Provided data START

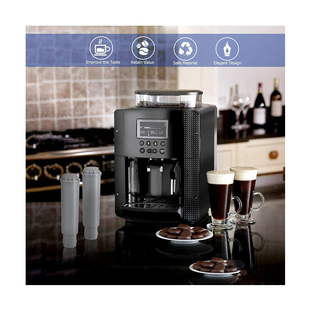 Improves Flavor: The water filter contains high-quality activated carbon that stabilizes the calcium carbonate and removes impurities such as chlorine and limescale and improves the taste of the coffee.Significantly reduces levels of chlorine, heavy metals and other harmful contaminants.
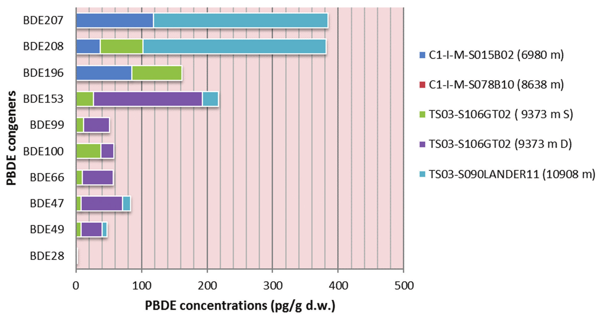 圖2 馬里亞納海溝底層不同樣品中多溴聯苯醚同系物的濃度
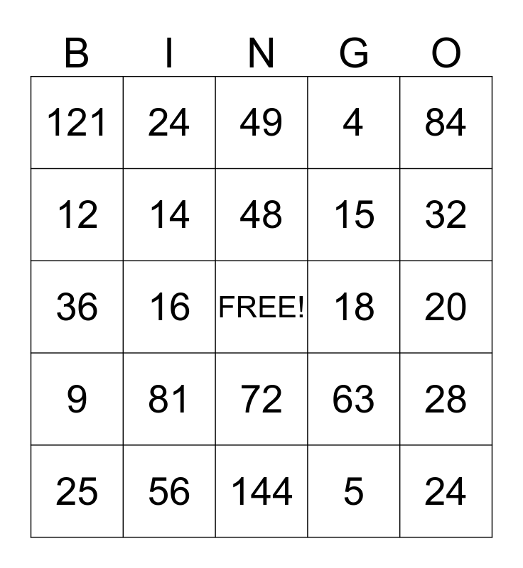 This bingo card has a free space and 24 words: 81, 56, 48, 25, 84, 121, 12, 24, 18, 72, 15, 36, 63, 28, 14, 5, 20, 49, 32, 16, 24, 9, 4 and 144.
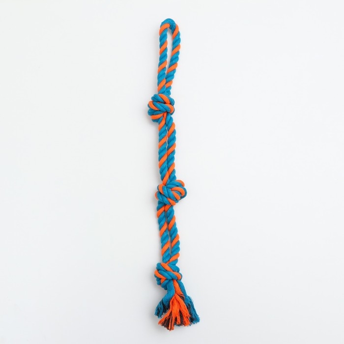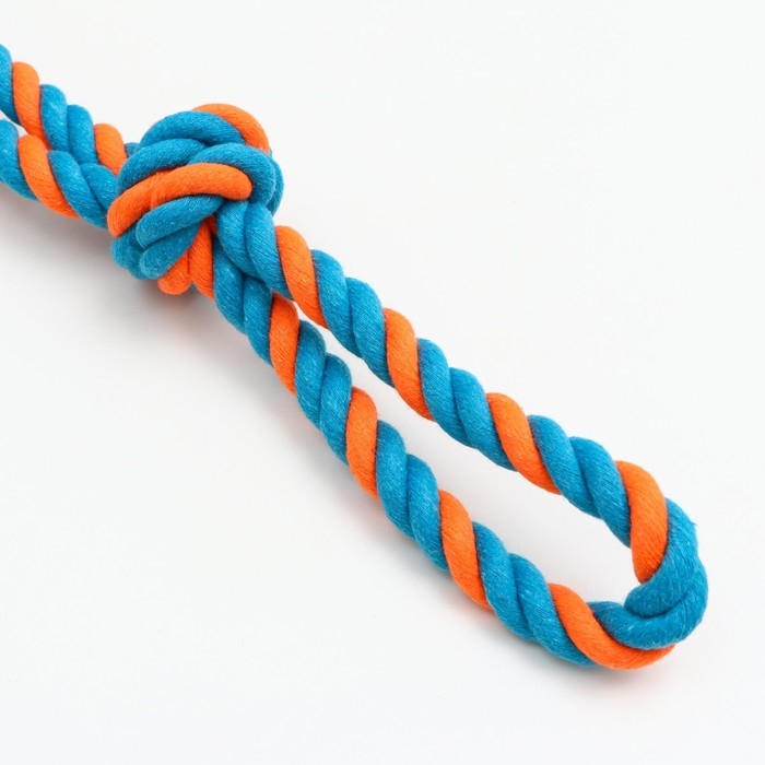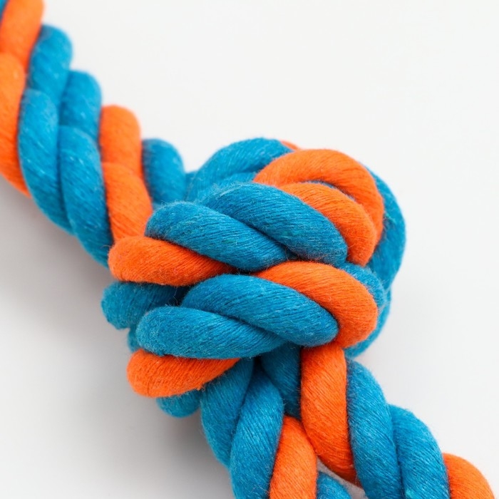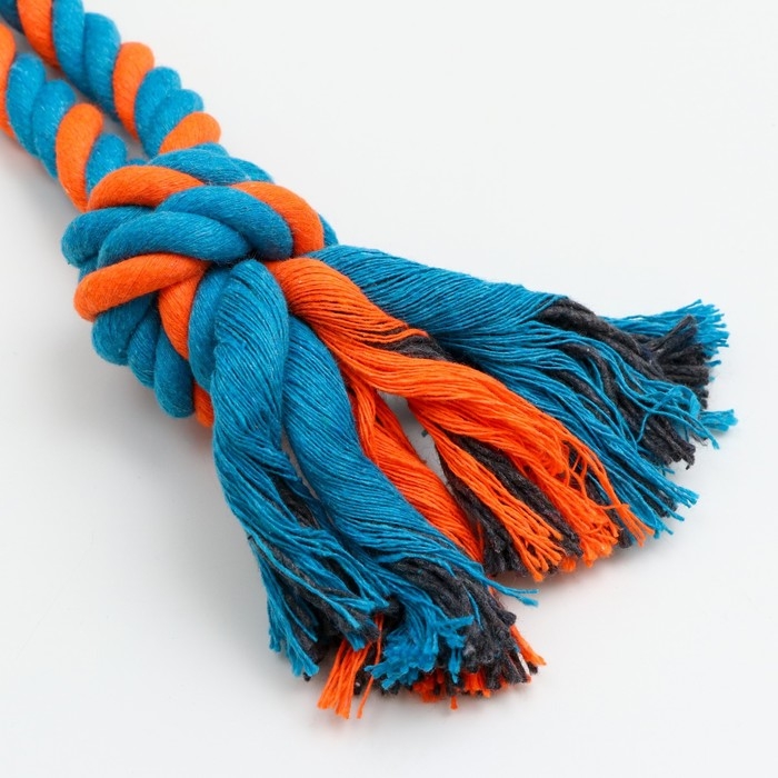 Игрушка-дразнилка канатная для собак, двойная, до 50 см, до 140 г, голубая/оранжевая

Provided data END

* What you need to do
The whole listing should be reproduced exactly. Images don't go in.

* Answer below
 Improves Flavor: The water filter contains high-quality activated carbon that stabilizes the calcium carbonate and removes impurities such as chlorine and limescale and improves the taste of the coffee.Significantly reduces levels of chlorine, heavy metals and other harmful contaminants.
 圖2 馬里亞納海溝底層不同樣品中多溴聯苯醚同系物的濃度
 This bingo card has a free space and 24 words: 81, 56, 48, 25, 84, 121, 12, 24, 18, 72, 15, 36, 63, 28, 14, 5, 20, 49, 32, 16, 24, 9, 4 and 144.
 Игрушка-дразнилка канатная для собак, двойная, до 50 см, до 140 г, голубая/оранжевая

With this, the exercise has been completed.